To find the hydroxide ion concentration (\([\mathrm{OH}^{-}]\)), we must first calculate the hydronium ion concentration (\([\mathrm{H}^{+}]\)) using the given pH. The pH of a solution is defined as: pH \(= -\log \left[\mathrm{H}^{+}\right]\) Given pH \(= 8.13\), we can find \([\mathrm{H}^{+}]\) as follows: \([\mathrm{H}^{+}] = 10^{-\text{pH}} = 10^{-8.13}\) Next, we need to calculate the hydroxide ion concentration using the ion product of water (\(K_\text{w}\)) which is \(1.0 \times 10^{-14}\) at \(25^{\circ}\text{C}\): \(K_\text{w} = [\mathrm{H}^{+}][\mathrm{OH}^{-}]\) \([\mathrm{OH}^{-}] = \dfrac{K_\text{w}}{[\mathrm{H}^{+}]} = \dfrac{1.0 \times 10^{-14}}{10^{-8.13}}\)

The solubility equilibrium expression for \(\mathrm{Fe}(\mathrm{OH})_{3}\) can be written as follows: \(\text{Fe(OH)}_3(s) \rightleftharpoons \text{Fe}^{3+}(aq) + 3\text{OH}^-(aq)\) The solubility product constant, \(K_\text{sp} = [\mathrm{Fe}^{3+}][\mathrm{OH}^-]^3\) Given \(K_\text{sp} = 1.1 \times 10^{-36}\), we can now find the concentration of \(\mathrm{Fe}^{3+}\).
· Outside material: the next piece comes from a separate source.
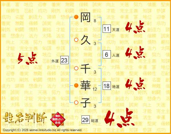岡(8画)久(3画) 千(3画)華(12画)子(3画)
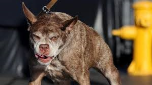 توجت كلبة مقدامة مختلطة محدبة الظهر من سلالة البيتبول بجائزة أقبح كلب في العالم متغلبة على 26 اخرين من منافسيها في مهرجان ينظم سنوياً في كاليفورنيا.

Using the solubility product expression, we can solve for the maximum concentration of \(\mathrm{Fe}^{3+}\) as follows: \(K_\text{sp} = [\mathrm{Fe}^{3+}][\mathrm{OH}^-]^3\) \([\mathrm{Fe}^{3+}] = \dfrac{K_\text{sp}}{[\mathrm{OH}^-]^3} = \dfrac{1.1 \times 10^{-36}}{\left(\dfrac{1.0 \times 10^{-14}}{10^{-8.13}}\right)^3}\) Calculate the value of \([\mathrm{Fe}^{3+}]\) to find the maximum concentration of iron(III) in seawater.